What is needed:
Exact reproduction of all the data is required, with pictures excluded.

The data:
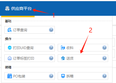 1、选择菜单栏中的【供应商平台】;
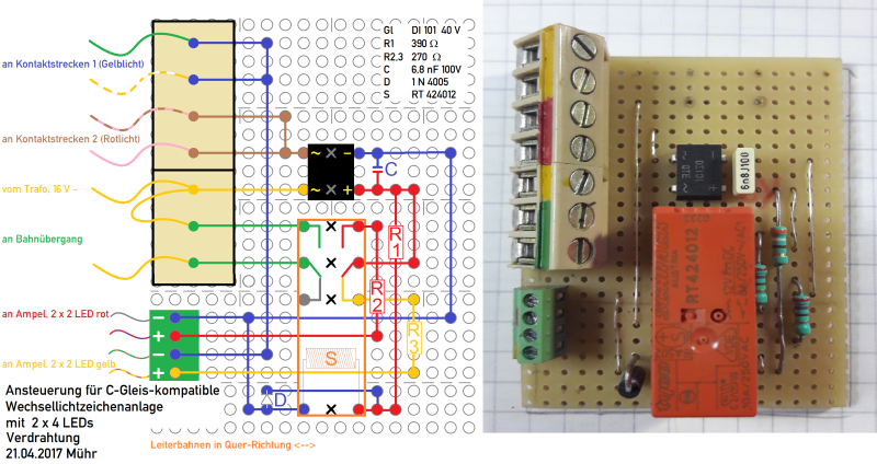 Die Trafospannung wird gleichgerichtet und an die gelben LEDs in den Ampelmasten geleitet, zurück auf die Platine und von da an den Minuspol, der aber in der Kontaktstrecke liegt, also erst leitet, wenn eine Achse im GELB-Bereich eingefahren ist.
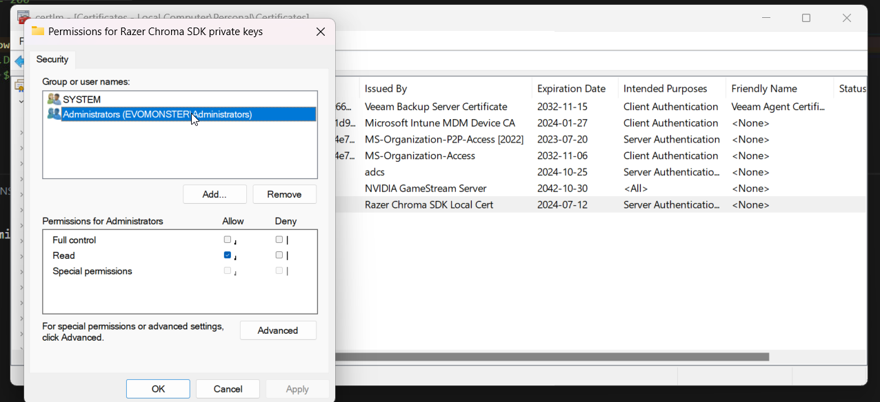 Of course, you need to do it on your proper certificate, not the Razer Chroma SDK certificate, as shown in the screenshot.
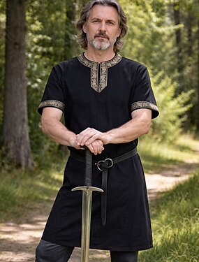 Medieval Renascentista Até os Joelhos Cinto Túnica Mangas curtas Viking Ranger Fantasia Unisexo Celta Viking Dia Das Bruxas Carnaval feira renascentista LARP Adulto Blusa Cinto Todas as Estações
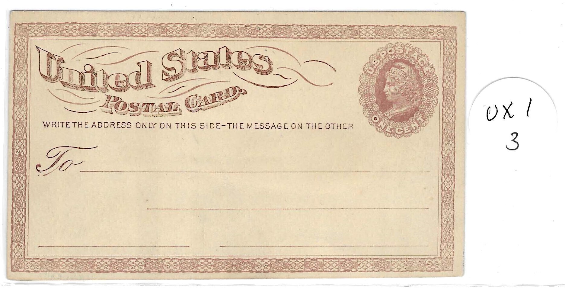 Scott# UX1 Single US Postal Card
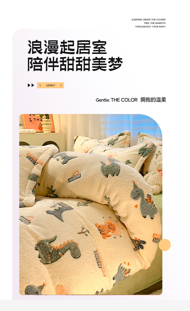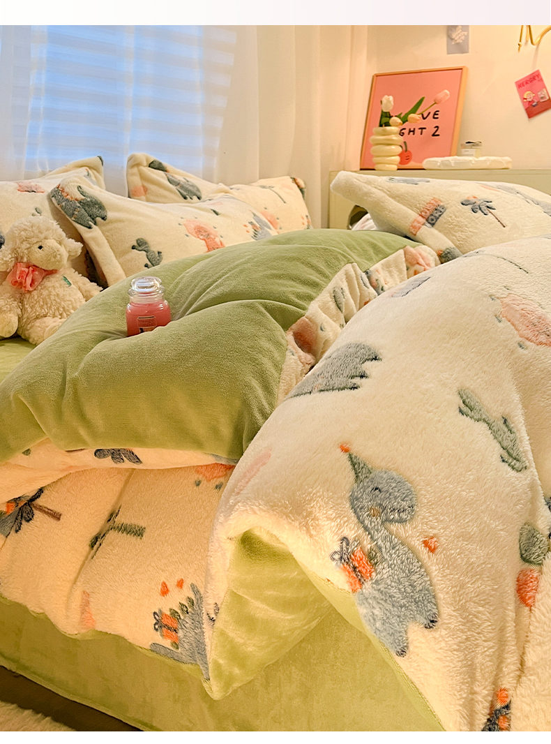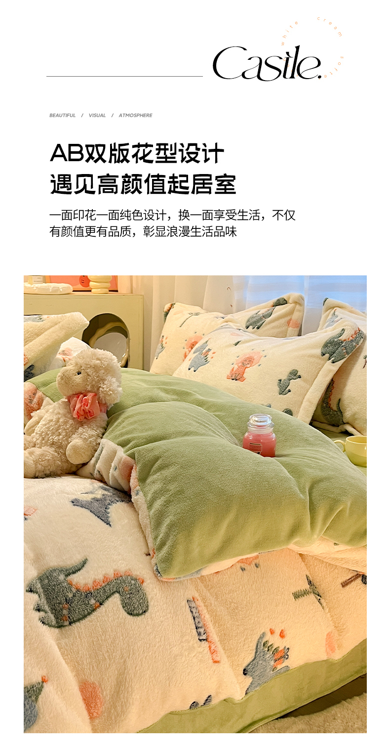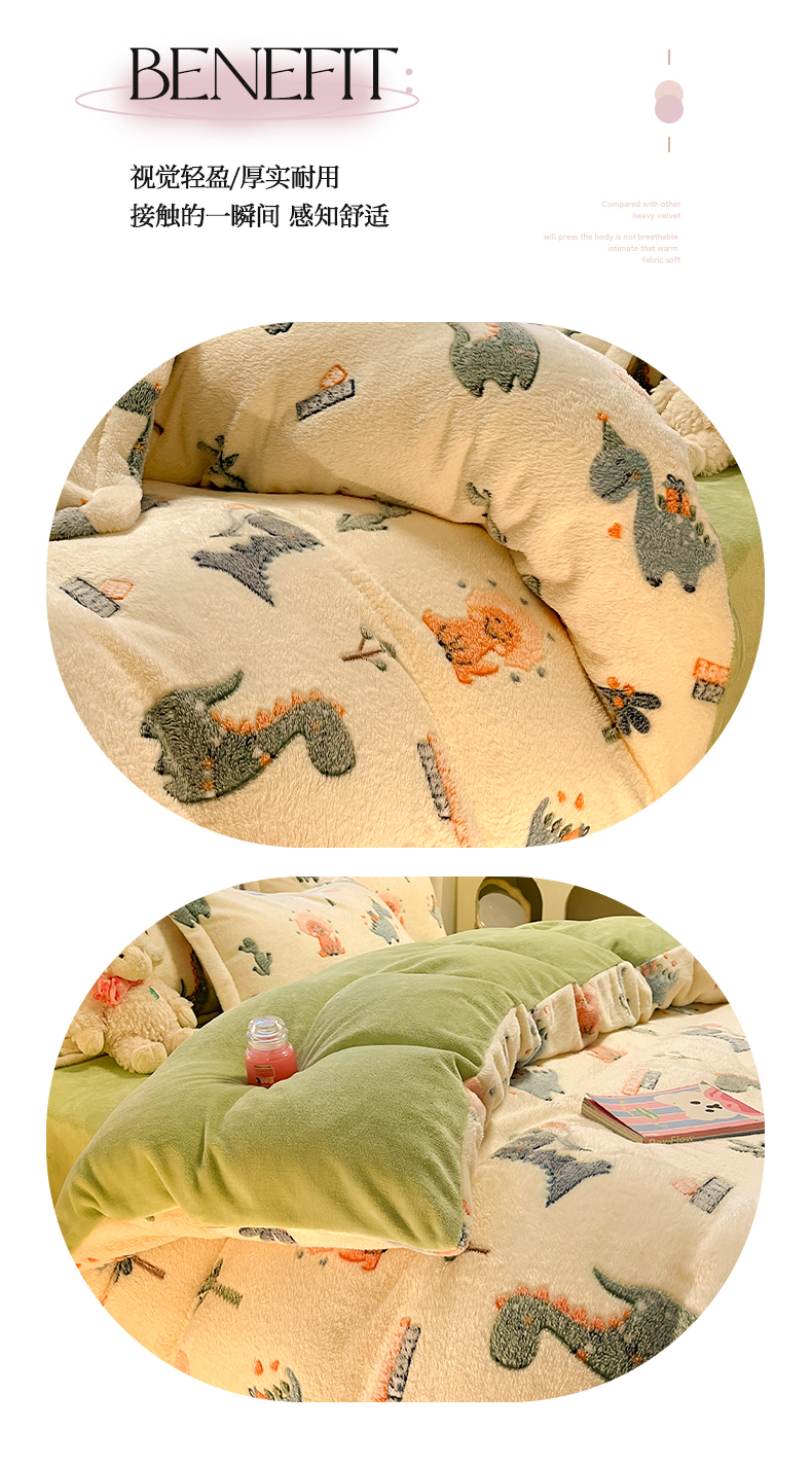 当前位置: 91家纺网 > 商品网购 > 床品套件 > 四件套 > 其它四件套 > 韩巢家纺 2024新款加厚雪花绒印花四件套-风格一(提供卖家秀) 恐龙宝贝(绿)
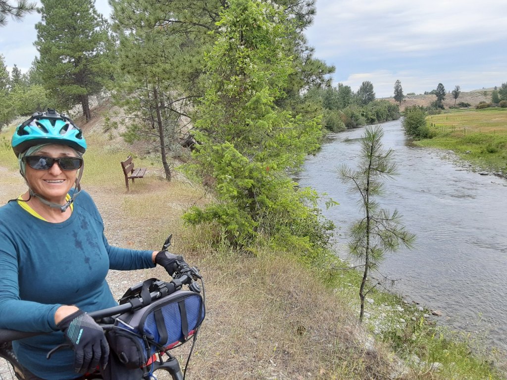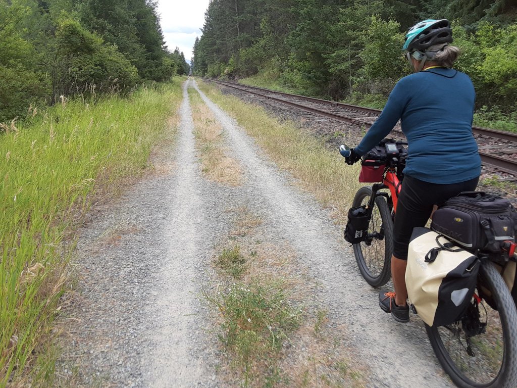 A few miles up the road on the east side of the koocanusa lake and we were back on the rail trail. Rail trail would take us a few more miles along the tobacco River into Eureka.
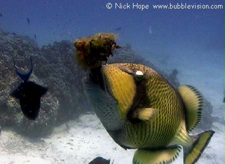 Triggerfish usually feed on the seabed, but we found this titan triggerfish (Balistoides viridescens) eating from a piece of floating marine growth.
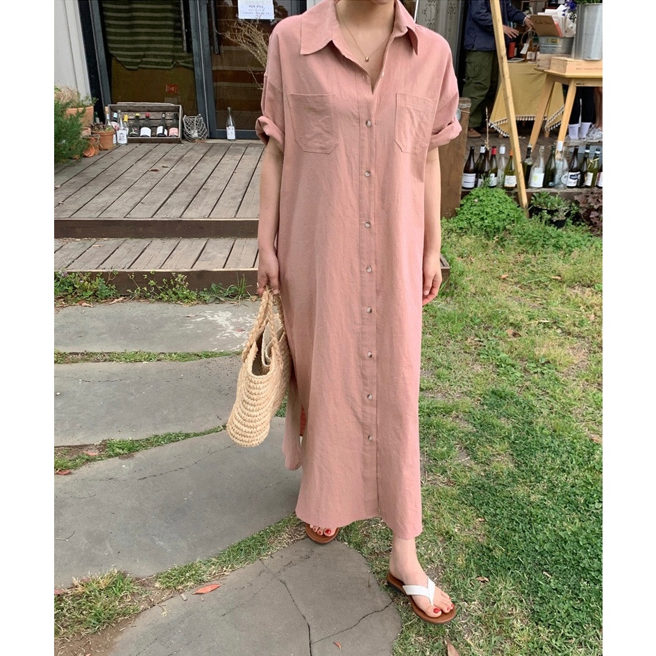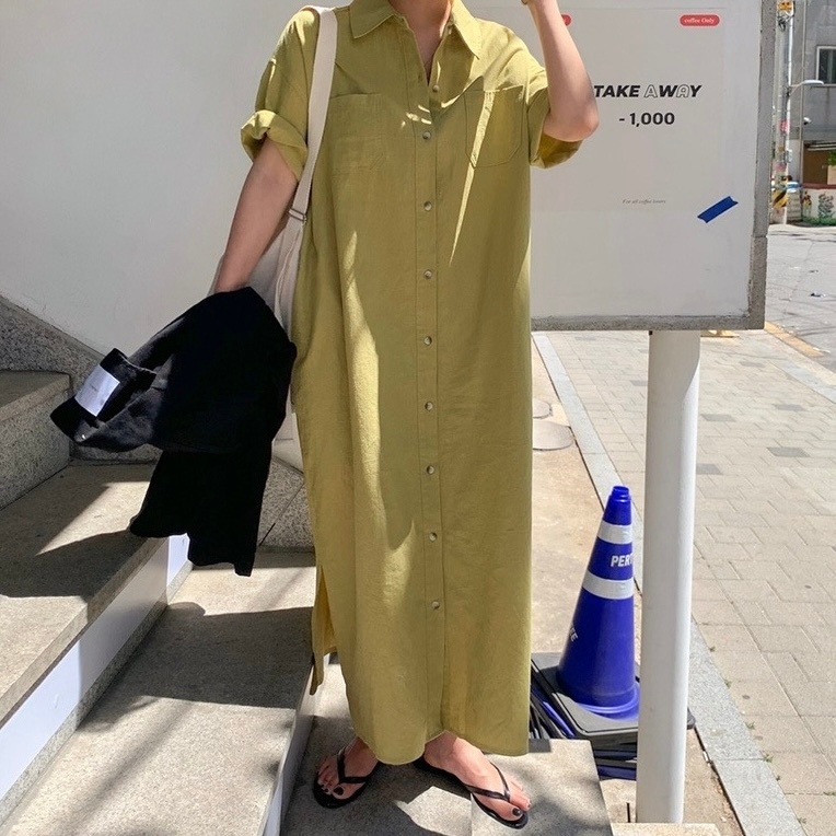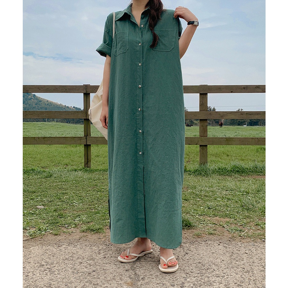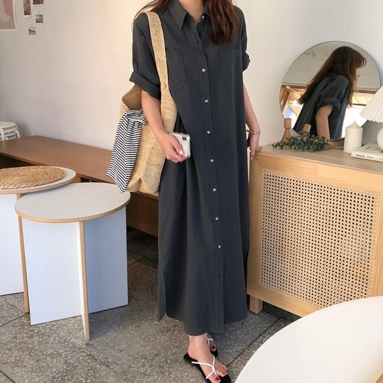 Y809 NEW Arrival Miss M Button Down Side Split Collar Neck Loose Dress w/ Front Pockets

Task result:
 1、选择菜单栏中的【供应商平台】;
 Die Trafospannung wird gleichgerichtet und an die gelben LEDs in den Ampelmasten geleitet, zurück auf die Platine und von da an den Minuspol, der aber in der Kontaktstrecke liegt, also erst leitet, wenn eine Achse im GELB-Bereich eingefahren ist.
 Of course, you need to do it on your proper certificate, not the Razer Chroma SDK certificate, as shown in the screenshot.
 Medieval Renascentista Até os Joelhos Cinto Túnica Mangas curtas Viking Ranger Fantasia Unisexo Celta Viking Dia Das Bruxas Carnaval feira renascentista LARP Adulto Blusa Cinto Todas as Estações
 Scott# UX1 Single US Postal Card
 当前位置: 91家纺网 > 商品网购 > 床品套件 > 四件套 > 其它四件套 > 韩巢家纺 2024新款加厚雪花绒印花四件套-风格一(提供卖家秀) 恐龙宝贝(绿)
 A few miles up the road on the east side of the koocanusa lake and we were back on the rail trail. Rail trail would take us a few more miles along the tobacco River into Eureka.
 Triggerfish usually feed on the seabed, but we found this titan triggerfish (Balistoides viridescens) eating from a piece of floating marine growth.
 Y809 NEW Arrival Miss M Button Down Side Split Collar Neck Loose Dress w/ Front Pockets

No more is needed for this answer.